I’m undecided on the ACA, and reasonably well-informed about it. I think that some of its goals were good, and I think that even if the implementation is problematic, it might be worth it just for the fact that it’s much harder to simply end up uninsurable. But I think that the fact that it’s a huge complicated thing that most people don’t really understand, and the implication that the only way to make a big legislative change is to make it so complicated that the voters don’t know what the hell it’s doing, is really problematic for democracy. The ACA is a horrendously kludgy law.

In general, I think that Obama’s statement about needing better messaging is indicative of the divisiveness in our politics and the way our democracy works. For the most part, you don’t win elections by convincing people that you’re right. You win elections by convincing the people who already think you’re right to vote. And with incredibly low turnout, each party can claim that it was a messaging failure (I’ve seen very similar statements from Republicans, particularly about the need to come up with better messaging for women).

Well, now we find that one of the architects of Obamacare lied about it, deliberately, in order to get the stupid people who voted for Obama to fall for it.

That just makes it worse, because that just makes Obama a hypocrite. To complain about divisiveness in politics right after you lost an election even when you got your major domestic policy passed by lying about it - come on.

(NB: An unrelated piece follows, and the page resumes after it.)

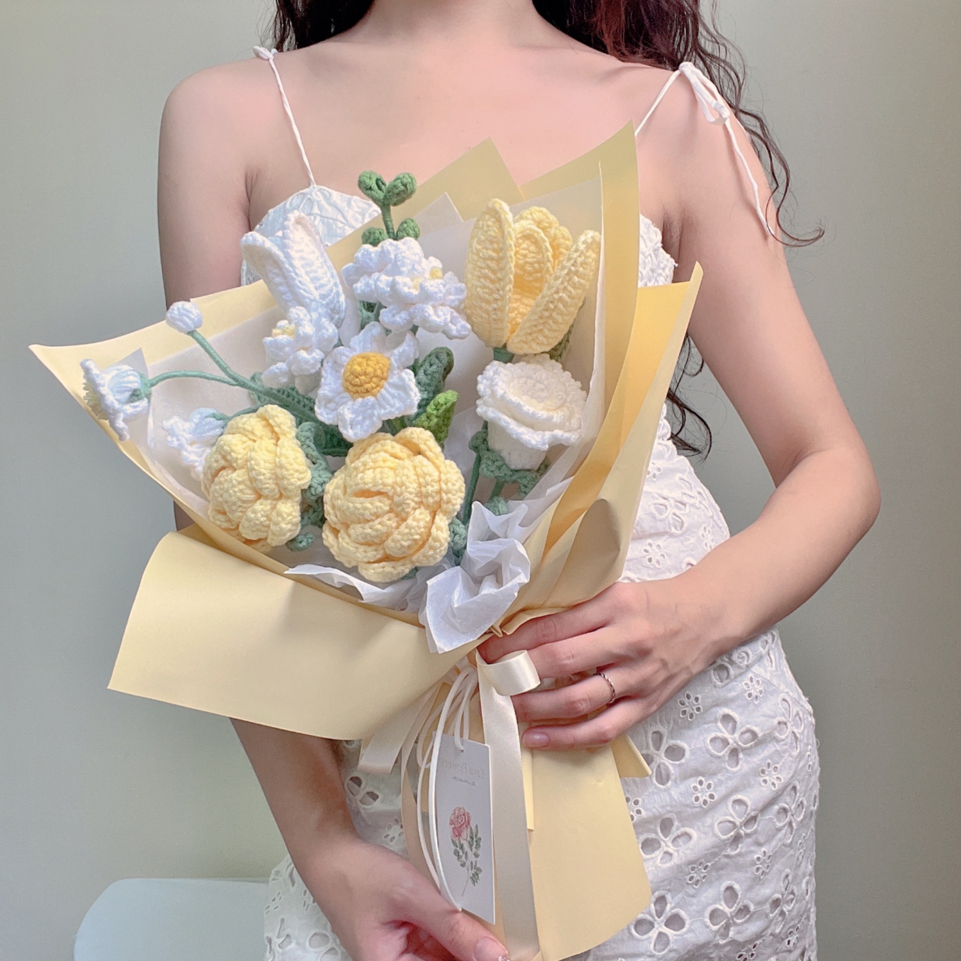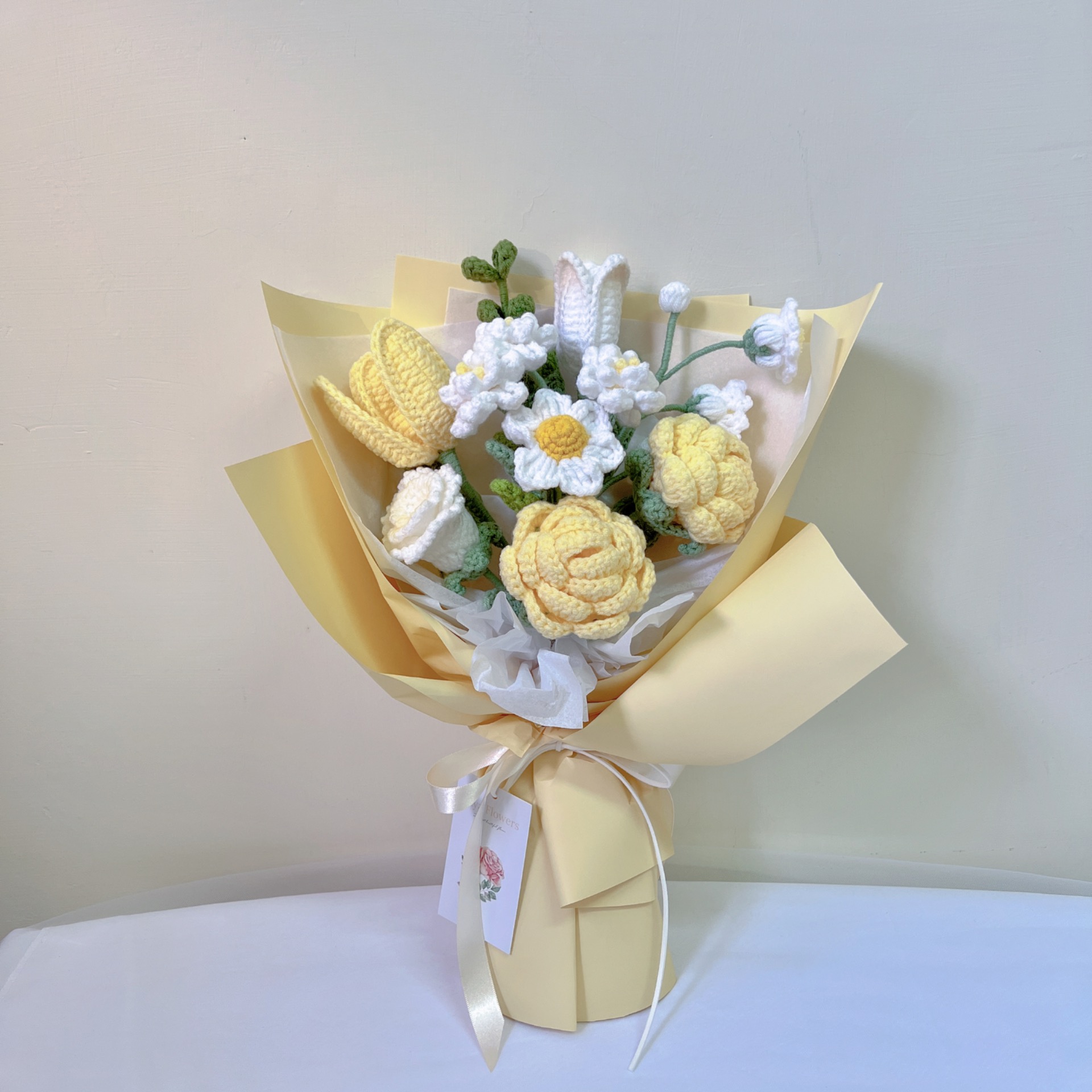做為蕭邦夜曲最明亮的一首,選用了嫩黃與寶寶藍,但樂曲裡還是帶著一絲蕭邦特有的憂鬱風,沒有大鳴大放的花朵,使用浪漫的玫瑰還有雲朵一樣的梔子花,再加點鬱金香還有招牌鈴蘭,最後加一枝尤加利點綴,適合音樂會花束、節日花束。
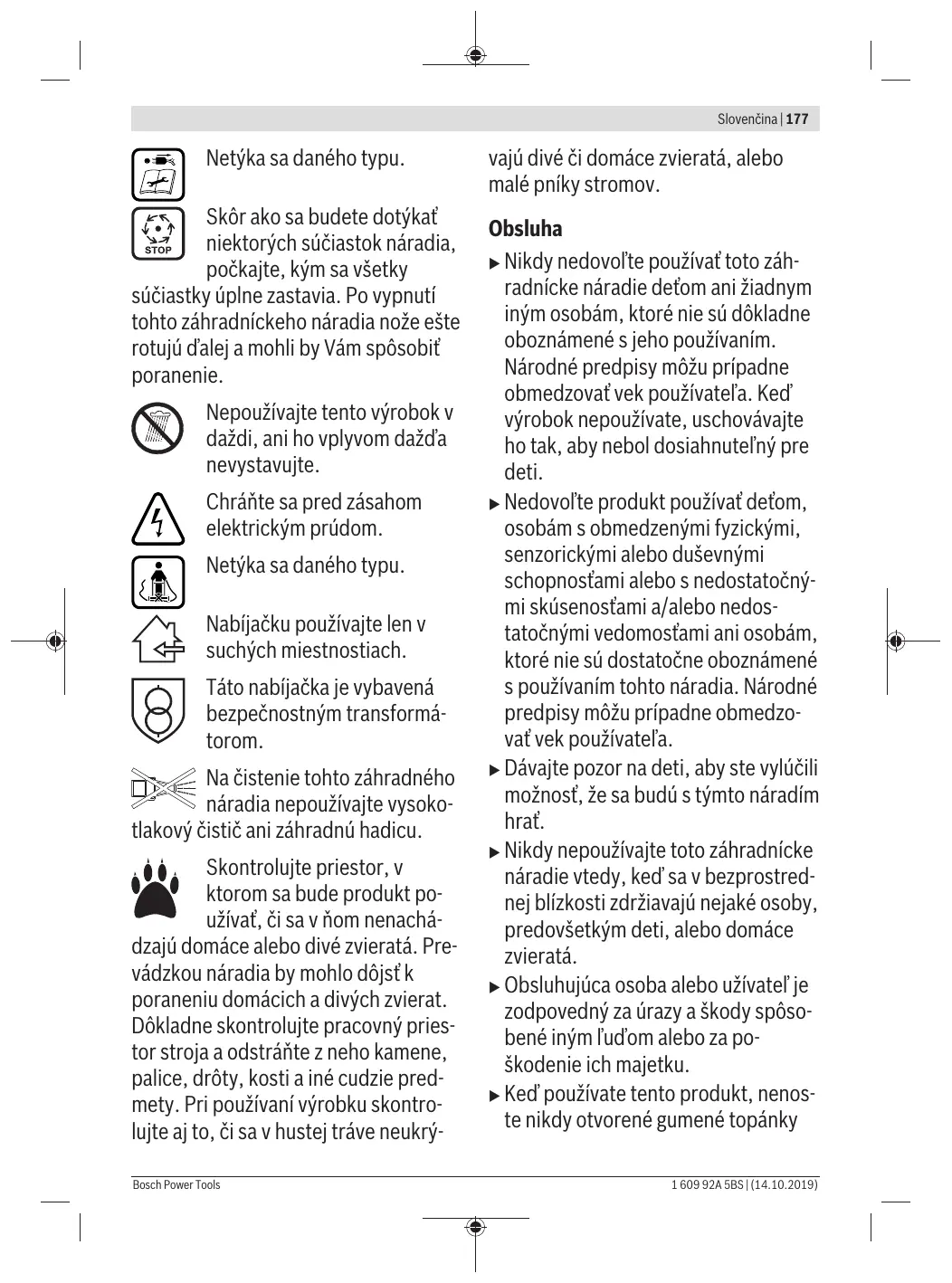 Odstranění – Akumulátor uskladněte odděleně a nikoli v nabíječce. – Při přímém slunečním záření nenechávejte akumulátor v zahradním nářadí. – Optimální teplota pro uskladnění akumulátoru činí 5 °C. – Příležitostně vyčistěte větrací otvory akumulátoru měkkým, čistým a suchým štětcem. Výrazně zkrácená doba provozu po nabití ukazuje, že je akumulátor opotřebovaný a musí se nahradit. Zákaznická služba a poradenství ohledně použití www.bosch-garden.com 1 609 92A 5BS | (14.10.2019) 176 | Slovenčina U všech dotazů a objednávek náhradních dílů nezbytně prosím uvádějte 10-místné objednací číslo podle typového štítku výrobku. Czech Republic Robert Bosch odbytová s.r.o. Bosch Service Center PT K Vápence 1621/16 692 01 Mikulov Na www.bosch-pt.cz si si můžete objednat opravu Vašeho stroje nebo náhradní díly online. Tel.: +420 519 305700 Fax: +420 519 305705 E-Mail: servis.naradi@cz.bosch.com www.bosch-pt.cz Přeprava Obsažené lithium-iontové akumulátory podléhají požadavkům zákona o nebezpečných nákladech. Tyto akumulátory mohou být bez dalších podmínek přepravovány uživatelem po silnici. Při zasílání prostřednictvím třetí osoby (např.: letecká přeprava nebo spedice) je třeba brát zřetel na zvláštní požadavky na balení a označení. Zde musí být při přípravě zásilky nezbytně přizván expert na nebezpečné náklady. Akumulátory zasílejte pouze tehdy, pokud je těleso nepoškozené. Otevřené kontakty přelepte lepicí páskou a akumulátor zabalte tak, aby se v obalu nemohl pohybovat. Dodržujte prosím také případné další národní předpisy. Zpracování odpadů Zahradní nářadí, akumulátory, příslušenství a obaly mají být dodány k opětovnému zhodnocení nepoškozujícímu životní prostředí. Nevyhazujte zahradní nářadí a akumulátory/ baterie do domovního odpadu! Pouze pro země EU: Podle evropské směrnice 2012/19/EU musejí být neupotřebitelná elektrická a elektronická zařízení a podle evropské směrnice 2006/66/ES vadné nebo opotřebované akumulátory/baterie odděleně shromážděny a dodány k opětovnému zhodnocení nepoškozujícímu životní prostředí. Akumulátory/baterie: Li-ion: Dbejte prosím upozornění v odstavci Přeprava. 1 609 92A 5BS | (14.10.2019) Slovenčina Bezpečnostné pokyny Pozor! Starostlivo si prečítajte pokyny uvedené v nasledujúcom texte. Dôkladne sa oboznámte s obslužnými prvkami a so správnym používaním tohto výrobku. Návod na používanie si láskavo starostlivo uschovajte na neskoršie používanie. Vysvetlenie symbolov na náradí Všeobecné upozornenie na nebezpečenstvo Prečítajte si Návod na používanie. Dávajte pozor na to, aby sa osoby stojace v blízkosti neporanili odletujúcimi cudzími telieskami. Upozornenie: Keď sa s výrobkom pracuje, zachovávajte od neho bezpečný odstup. Zachovajte opatrnosť: Nedotýkajte sa rotujúcich nožov. Tieto nože sú ostré. Chráňte sa pred stratou prstov na nohách alebo na rukách. Záhradnícke náradie vypnite a uvoľnite odpojovač elektrického obvodu pred každou údržbou alebo pred každým čistením, alebo vždy vtedy, keď záhradnícke náradie nechávate hoci len na krátku chvíľu bez dozoru. Bosch Power Tools Slovenčina | 177 Netýka sa daného typu. Skôr ako sa budete dotýkať niektorých súčiastok náradia, počkajte, kým sa všetky súčiastky úplne zastavia. Po vypnutí tohto záhradníckeho náradia nože ešte rotujú ďalej a mohli by Vám spôsobiť poranenie. Nepoužívajte tento výrobok v daždi, ani ho vplyvom dažďa nevystavujte. Chráňte sa pred zásahom elektrickým prúdom. Netýka sa daného typu. Nabíjačku používajte len v suchých miestnostiach. Táto nabíjačka je vybavená bezpečnostným transformátorom. Na čistenie tohto záhradného náradia nepoužívajte vysokotlakový čistič ani záhradnú hadicu. Skontrolujte priestor, v ktorom sa bude produkt používať, či sa v ňom nenachádzajú domáce alebo divé zvieratá. Prevádzkou náradia by mohlo dôjsť k poraneniu domácich a divých zvierat. Dôkladne skontrolujte pracovný priestor stroja a odstráňte z neho kamene, palice, drôty, kosti a iné cudzie predmety. Pri používaní výrobku skontrolujte aj to, či sa v hustej tráve neukrýBosch Power Tools vajú divé či domáce zvieratá, alebo malé pníky stromov. Obsluha u Nikdy nedovoľte používať toto záhradnícke náradie deťom ani žiadnym iným osobám, ktoré nie sú dôkladne oboznámené s jeho používaním. Národné predpisy môžu prípadne obmedzovať vek používateľa. Keď výrobok nepoužívate, uschovávajte ho tak, aby nebol dosiahnuteľný pre deti. u Nedovoľte produkt používať deťom, osobám s obmedzenými fyzickými, senzorickými alebo duševnými schopnosťami alebo s nedostatočnými skúsenosťami a/alebo nedostatočnými vedomosťami ani osobám, ktoré nie sú dostatočne oboznámené s používaním tohto náradia. Národné predpisy môžu prípadne obmedzovať vek používateľa. u Dávajte pozor na deti, aby ste vylúčili možnosť, že sa budú s týmto náradím hrať. u Nikdy nepoužívajte toto záhradnícke náradie vtedy, keď sa v bezprostrednej blízkosti zdržiavajú nejaké osoby, predovšetkým deti, alebo domáce zvieratá. u Obsluhujúca osoba alebo užívateľ je zodpovedný za úrazy a škody spôsobené iným ľuďom alebo za poškodenie ich majetku. u Keď používate tento produkt, nenoste nikdy otvorené gumené topánky 1 609 92A 5BS | (14.10.2019) 178 | Slovenčina ani sandále. Pri práci noste vždy pevnú obuv a dlhé nohavice. u Dôkladne preskúmajte plochu, ktorú budete kultivovať a odstráňte kamene, palice, drôty, kosti a iné cudzie telesá. u Pred použitím vždy zrakom skontrolujte, či nie sú nôž, skrutky noža a konštrukčná rezacia skupina opotrebovan

It depends on what is meant by “better messaging”. Obviously they don’t mean “telling the truth” because Obama only got the ACA passed by lying about it, and currently Pelosi is lying her head off claiming she never heard of the person her office has been citing as a major source.

"We lied to you about some legislation that, now that it is passed, is unpopular and doesn’t do the things we claimed it would. The most recent election was a mandate on Obama, and the Dems got spanked badly.

Obviously it is the fault of those nasty divisive Republicans, and all the folks who couldn’t be bothered to get off their asses and vote support me enthusiastically and we should assume they think like I do. After all, they are stupid!"

Regards,
Shodan

That’s not what I’m saying. I don’t think Obama is complaining about divisiveness. He’s saying that his messaging was bad because it didn’t inspire Democratic voters to go vote. I’m saying that that statement says something broader about our system, which is that you don’t win elections by convincing people that you have good ideas, you win them by convincing people who agree with you that they should get off their asses and vote.

I didn’t say anything like that, and I don’t think Obama did either.

If you listen to what the dude said, he’s talking about framing the mandate penalty as not a tax. Because the stupidity he’s talking about is the insane tax-revulsion that RW media has inflicted on a third of the country. It’s politics. Calling it a penalty was necessary because of the stupidity he’s decrying. In a rational world they just could have said it was a, “not having insurance tax.”

The fault is with a cursorily engaged populace. The rightward side has media that is designed to outrage people, and the outraged get out of bed early on voting day. The left aren’t nearly as pissed off, so they sleep in.